A Tool For Advancing AERMOD Project-Level Near-Road Air Quality Analysis Based on Satellite Image Maps
Under 1 year
Research Idea Scope
As the U.S. Environmental Protection Agency (EPA)’s preferred air dispersion model for refined transportation project analyses, AERMOD is used to model roadway “link” source using AREA, VOLUME, LINE, RLINE, or RLINEXT. The importance for appropriate description of road source geometry and placement of receptors in AERMOD have been highlighted by the US EPA. Spatially coding the road geometry and distributing receptors, on the other hand, are two of the most difficult challenges in the highway modeling process, as they require intensive manual efforts to code the coordinates of roadways and near-road receptors in AERMOD format, and sometimes can have a high potential for analysis error – this is especially true when using non-commercial AERMOD software to model roadways with complex geometric designs (e.g., horizontal curves with various radius).
By taking advantage of aerial/satellite images from US Geological Survey, Google Earth, or other public geographical resources that contain roadway horizontal profiles, the proposed research will develop a Python-based tool that enables the users to realize the following six functions:
1) Upload satellite image as base map and draw the road horizontal polylines on the interactive graph panel;
2) Convert the roadway links into road geometry in AERMOD format, depending on source type (i.e., LINE, RLINE, RLINEXT, AREA, or VOLUME) that road links are modeled as;
3) Based on the road geometric characteristics, generate multi-layers of near-road receptors around roadways, and gridded receptors far from roadways, with spacing intervals specified by users;
4) Take MOVES link emissions output and convert into emission rates in AERMOD required units, depending on the designated AERMOD source type;
5) Take all the information from the above modules, plus required meteorology files as input, and compile to an “AERMOD.inp” that is ready for AERMOD run;
6) Run AERMOD, organize AERMOD concentrations output file as a CSV table, and visualize concentration profile.
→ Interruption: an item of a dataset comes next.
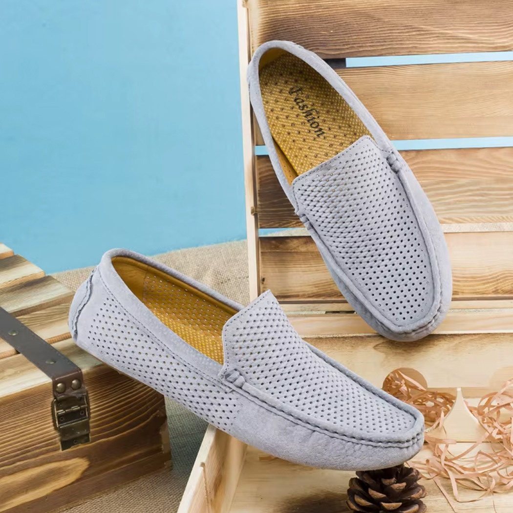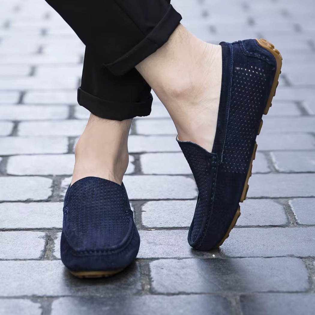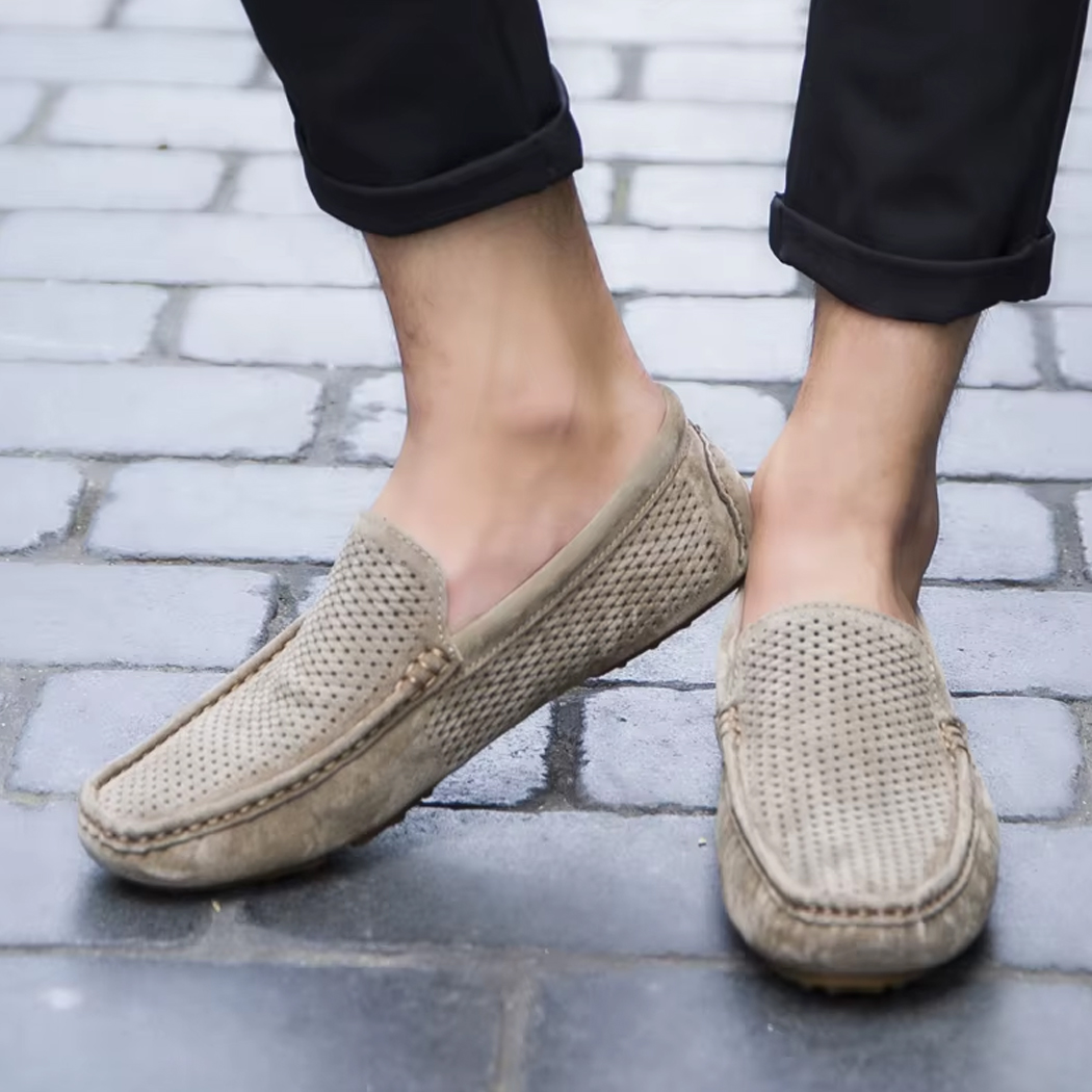 Dieser sommerliche Mokassin ist weder zu formell noch zu lässig und passt sich mit verblüffender Leichtigkeit an jede Situation an. Ob zu hochgekrempelten Chinos, eleganten Shorts oder sogar einem Sommeranzug getragen, er lässt die Silhouette schlanker wirken, ohne übertrieben zu wirken.

The following research tasks are anticipated:
Task 1: Algorithm design. The research team will design algorithms that convert drawn roadway polylines to LINE, RLINE, RLINEXT, AREA and VOLUME sources based on the polyline node coordinates and the width of roadways, convert MOVES link-level emission rates (grams/mile or grams/hour) to the source-specific emission rate for AERMOD (e.g., grams/second/m2 for AREA, grams/second for VOLUME, etc.), and generate near-road receptors via buffer function.
Task 2: Tool development. The research team will develop a Python-based tool that realize the designed algorithms in Task 1. A geo-processing module “GeoPandas” and a drawing panel “Canvas” in Python will be used to extract nodes information from polyline, and convert to AERMOD sources. The tool will be designed to take polylines, roadway width, designated AERMOD source type, pre-determined location of origin point, and MOVES link-level emissions results as the input to generate “AERMOD.inp”. The team will also design and develop the result compilation and visualization function.
Task 3: Tool verification. Verify the tool results. Develop a website to distribute the tool.
Urgency and Payoff
The tool will be very useful to relieve users from heavily loaded tasks of spatially coding geometry in AERMOD. It can also significantly speed up the AERMOD input preparation process, and allows convenient tests of multiple configurations from all these source types for comparison analysis. The use of the tool can also help minimize processing errors associated with the geometric coding task in AERMOD near-road dispersion modeling. This study will deliver the following research products
– The team will prepare technical report.
– The team will deliver an open-source python-based tool. The team will also prepare a tool user guideline document.
– The team will prepare a presentation as required by the sponsor.